Exercise brief ▸ Although the records contain pictures, only their text should be reproduced, exactly as written.

Excerpts from a dataset:
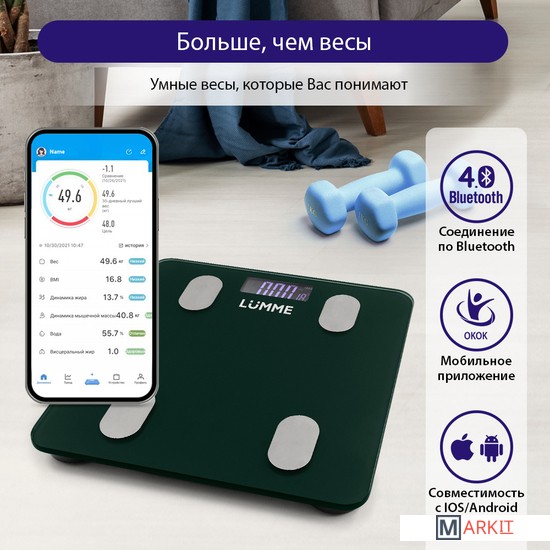 Функциональные особенности расчет доли воды, расчет доли жировой ткани, расчет доли мышечной ткани, расчет доли костной ткани, расчет ИМТ (BMI), индикация температуры помещения, индикация заряда батареи
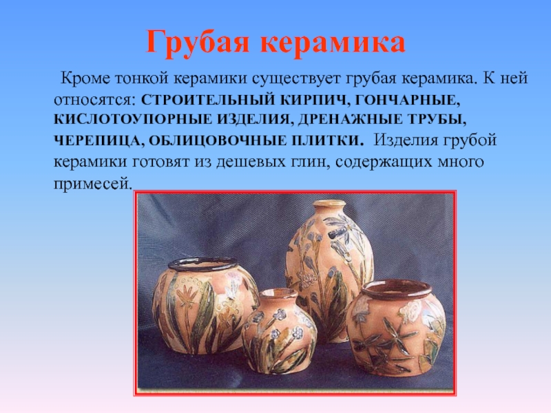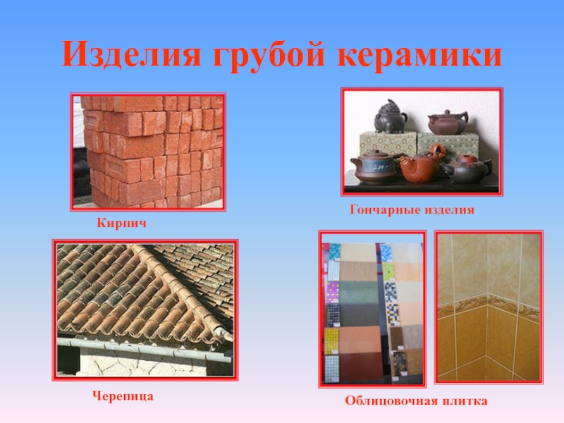 КИРПИЧ, ГОНЧАРНЫЕ, КИСЛОТОУПОРНЫЕ ИЗДЕЛИЯ, ДРЕНАЖНЫЕ ТРУБЫ, ЧЕРЕПИЦА, ОБЛИЦОВОЧНЫЕ ПЛИТКИ. Изделия грубой керамики готовят из дешевых глин, содержащих много примесей.
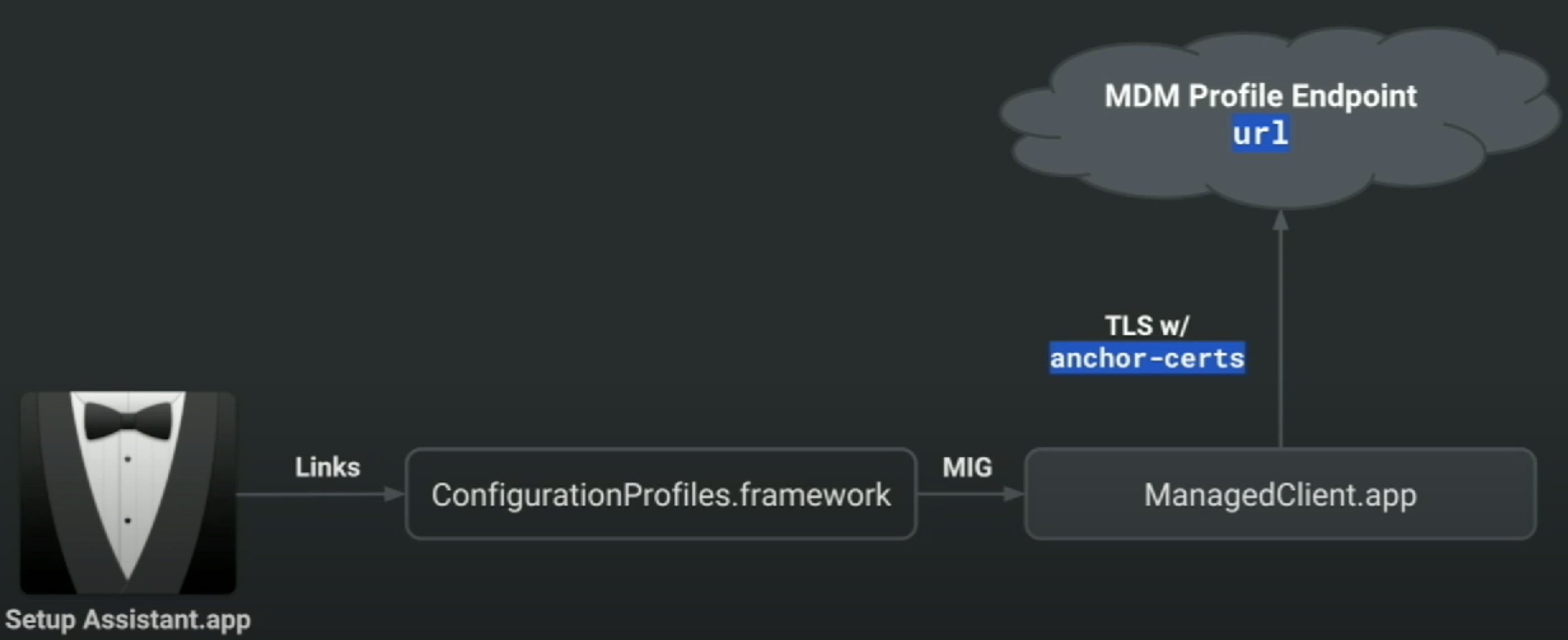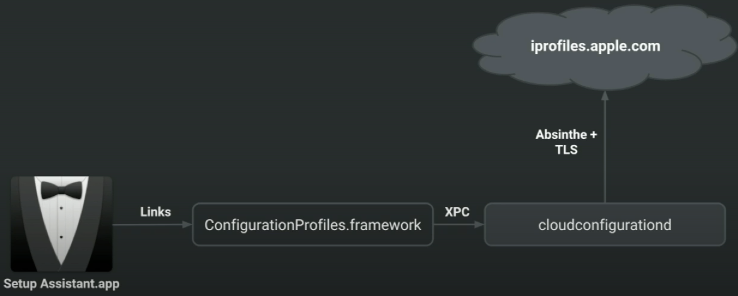 cloudconfigurationdvia XPC. The "Setup Assistant" (when the device is firstly booted) or theprofilescommand will contact this daemon to retrieve the activation record.- LaunchDaemon (always runs as root)
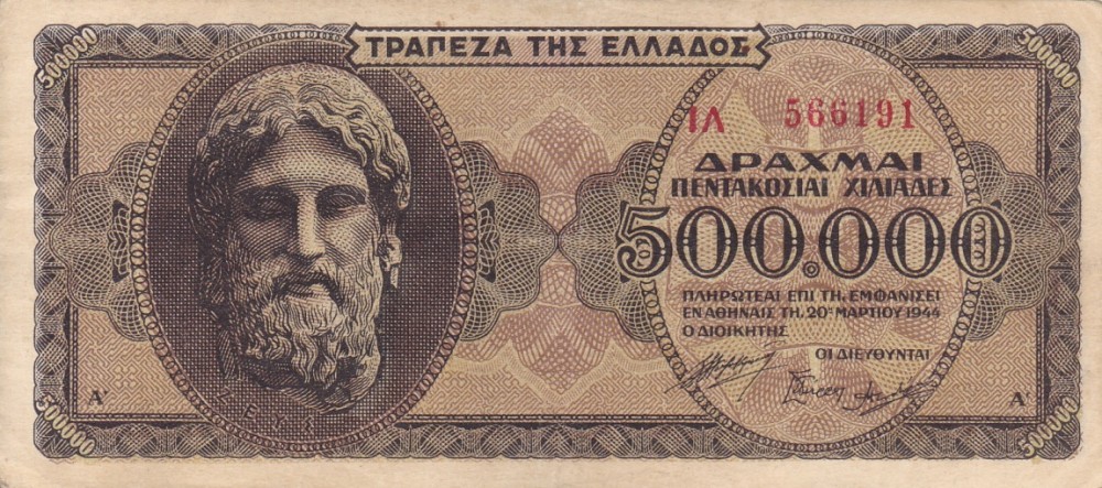 GRECIA 500.000 drahme 1944 VF+!!!
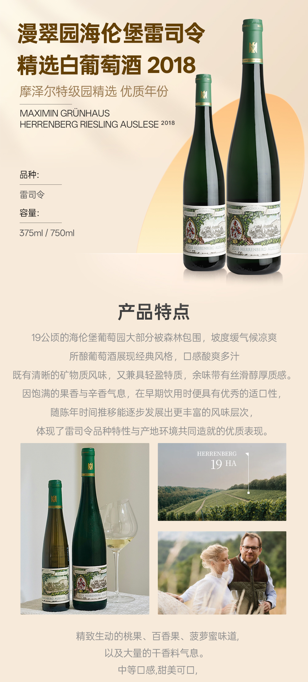 漫翠园海伦堡雷司令精选白葡萄酒2018 甜型 7.5%vol 750ml
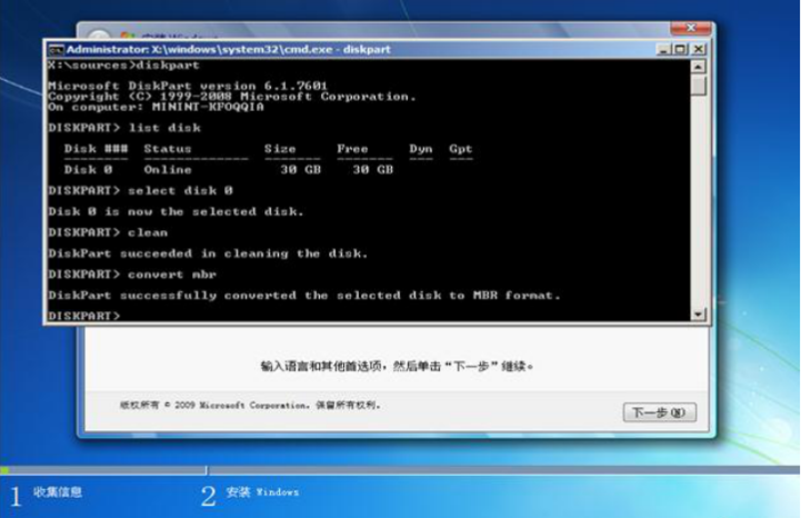 6、输入“convert mbr”命令回车,将硬盘的分模式从GPT模式转换为MBR模式。
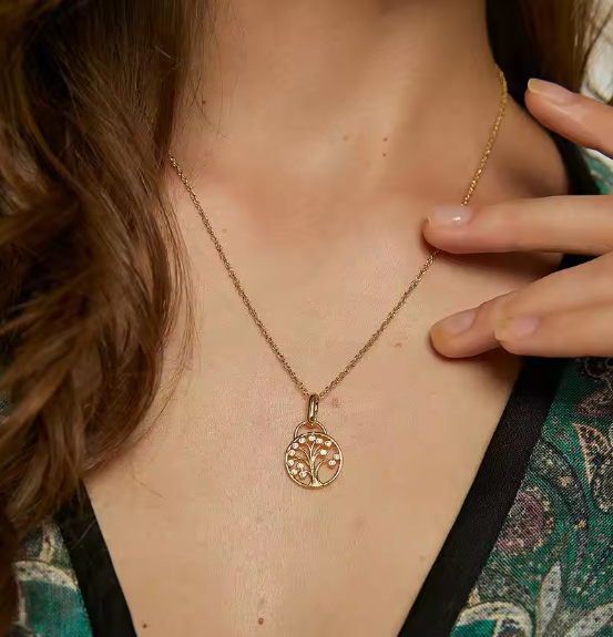 Aceast colier din argint placată cu aur poate fi o bijuterie cu semnificații profunde, purtând cu sine mesajul înrudirii, forței și creșterii interioare. Este potrivită pentru a fi purtată, amintindu-ți de valorile tale sau ca un cadou special pentru cineva drag, pentru a transmite un mesaj de conexiune și dragoste. Indiferent de ocazie, această bijuterie cu pandantiv rotund copacul vieții va încânta prin simbolismul său și prin eleganța sa subtilă, oferind un plus de strălucire și semnificație oricărei apariții.
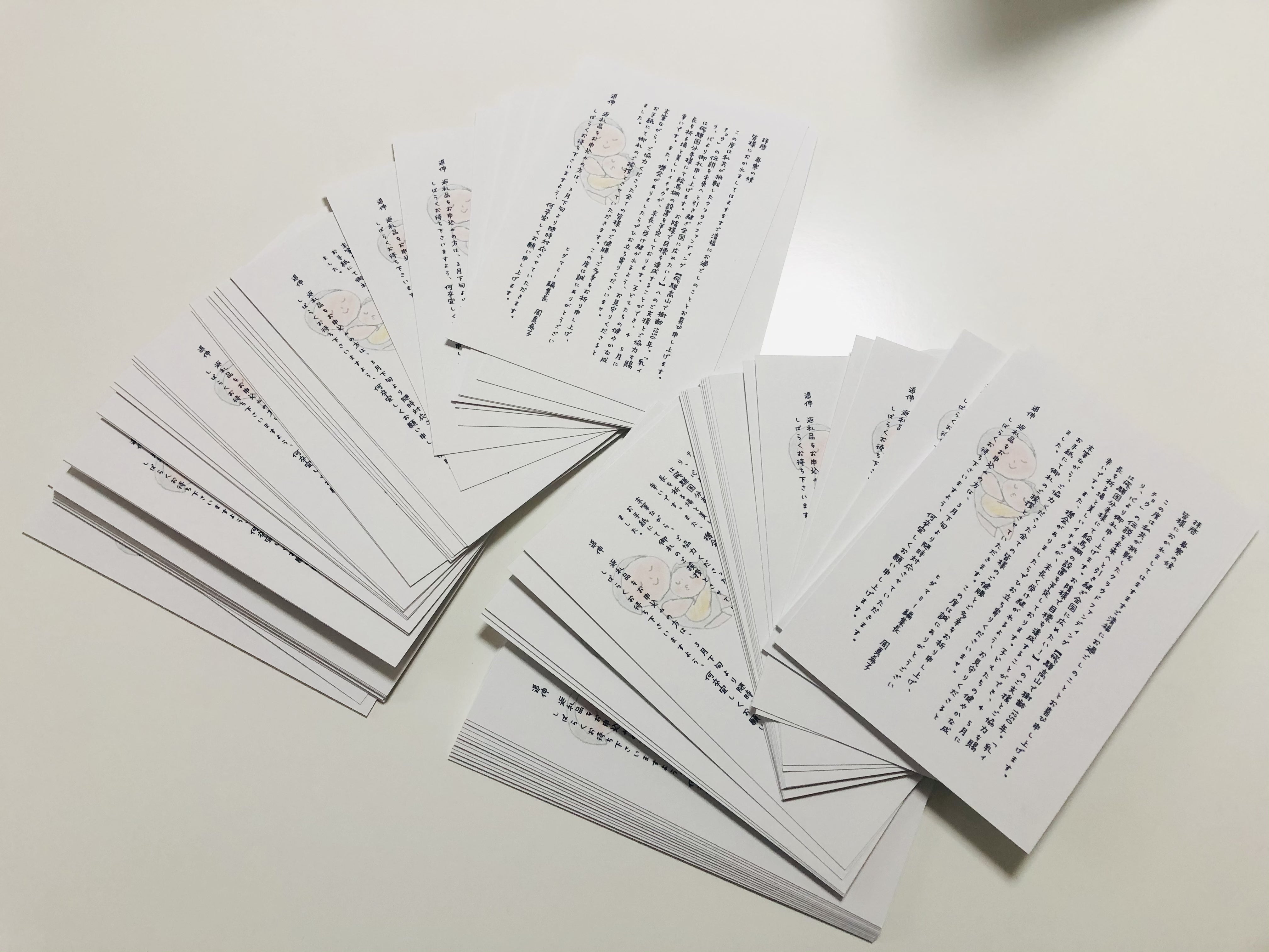 葉書を準備しながら、こんなにもたくさんの方からご支援いただけたのかと改めて実感し、感謝の気持ちが溢れました。本当にありがとうございます!!

Solution ▸
 Функциональные особенности расчет доли воды, расчет доли жировой ткани, расчет доли мышечной ткани, расчет доли костной ткани, расчет ИМТ (BMI), индикация температуры помещения, индикация заряда батареи
 КИРПИЧ, ГОНЧАРНЫЕ, КИСЛОТОУПОРНЫЕ ИЗДЕЛИЯ, ДРЕНАЖНЫЕ ТРУБЫ, ЧЕРЕПИЦА, ОБЛИЦОВОЧНЫЕ ПЛИТКИ. Изделия грубой керамики готовят из дешевых глин, содержащих много примесей.
 cloudconfigurationdvia XPC. The "Setup Assistant" (when the device is firstly booted) or theprofilescommand will contact this daemon to retrieve the activation record.- LaunchDaemon (always runs as root)
 GRECIA 500.000 drahme 1944 VF+!!!
 漫翠园海伦堡雷司令精选白葡萄酒2018 甜型 7.5%vol 750ml
 6、输入“convert mbr”命令回车,将硬盘的分模式从GPT模式转换为MBR模式。
 Aceast colier din argint placată cu aur poate fi o bijuterie cu semnificații profunde, purtând cu sine mesajul înrudirii, forței și creșterii interioare. Este potrivită pentru a fi purtată, amintindu-ți de valorile tale sau ca un cadou special pentru cineva drag, pentru a transmite un mesaj de conexiune și dragoste. Indiferent de ocazie, această bijuterie cu pandantiv rotund copacul vieții va încânta prin simbolismul său și prin eleganța sa subtilă, oferind un plus de strălucire și semnificație oricărei apariții.
 葉書を準備しながら、こんなにもたくさんの方からご支援いただけたのかと改めて実感し、感謝の気持ちが溢れました。本当にありがとうございます!!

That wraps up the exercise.